What to work on: Omit all pictures. Copy exactly the lines from the line containing "Outdoor lezzie three" to the end of the listing, with both ends included.

Given records:
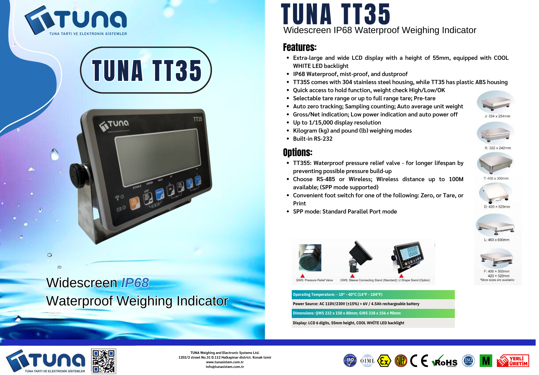 Yenilikçi ve güçlü teknolojimiz ile donattığımız yeni ürünümüz Tuna TT35 İndikatör, alanında fark yaratmaya hazır. Su geçirmez ve toz geçirmez özelliği, geniş ve net LCD ekranı, otomatik sıfır izleme gibi birçok özelliği ile işlemlerinizde kolaylık sağlar. Yeni nesil tartım deneyimine hazır mısınız?
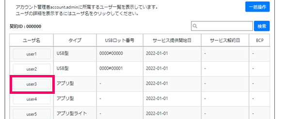 登録可能な手元端末の台数を変更したいユーザを選択します。
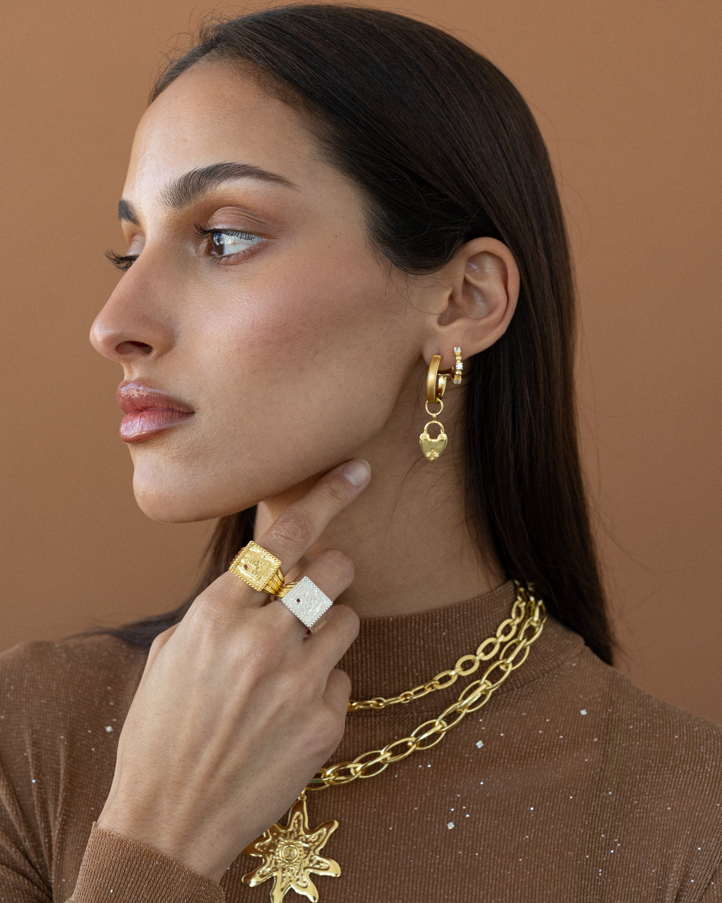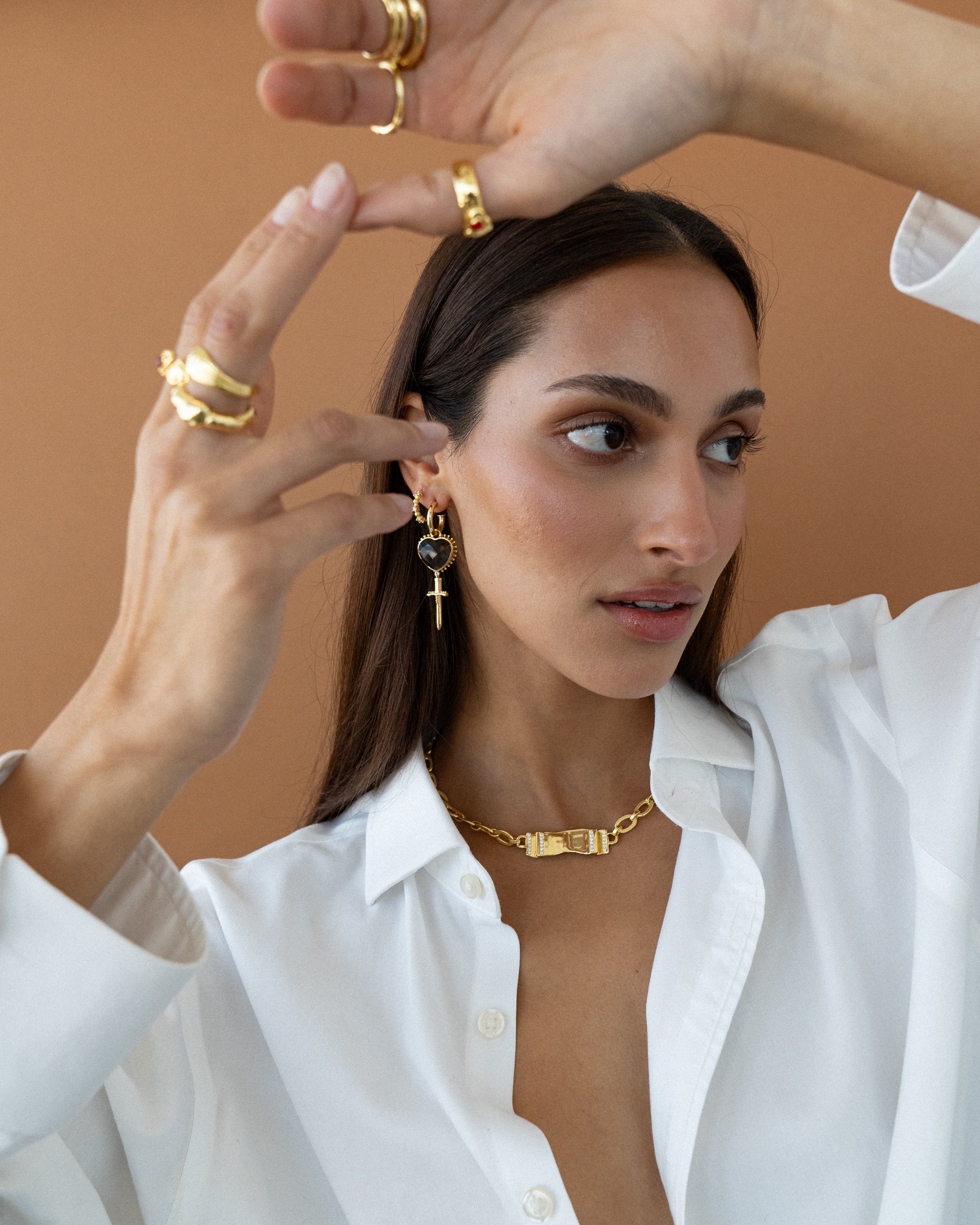 Our are crafted using responsibly sourced Italian brass, chosen for its durability and luxury feel. All pieces are lead and nickel free, ensuring they are gentle on the skin and hypoallergenic.
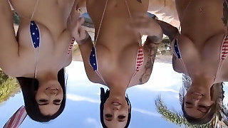 Outdoor lezzie three way by the pool - Aidra Fox and Adria Rae
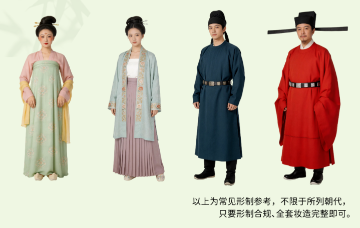 女子可选择汉代直裾、唐制齐胸/齐腰襦裙、宋制褙子、明制马面裙等。

Exercise output:
 Outdoor lezzie three way by the pool - Aidra Fox and Adria Rae
 女子可选择汉代直裾、唐制齐胸/齐腰襦裙、宋制褙子、明制马面裙等。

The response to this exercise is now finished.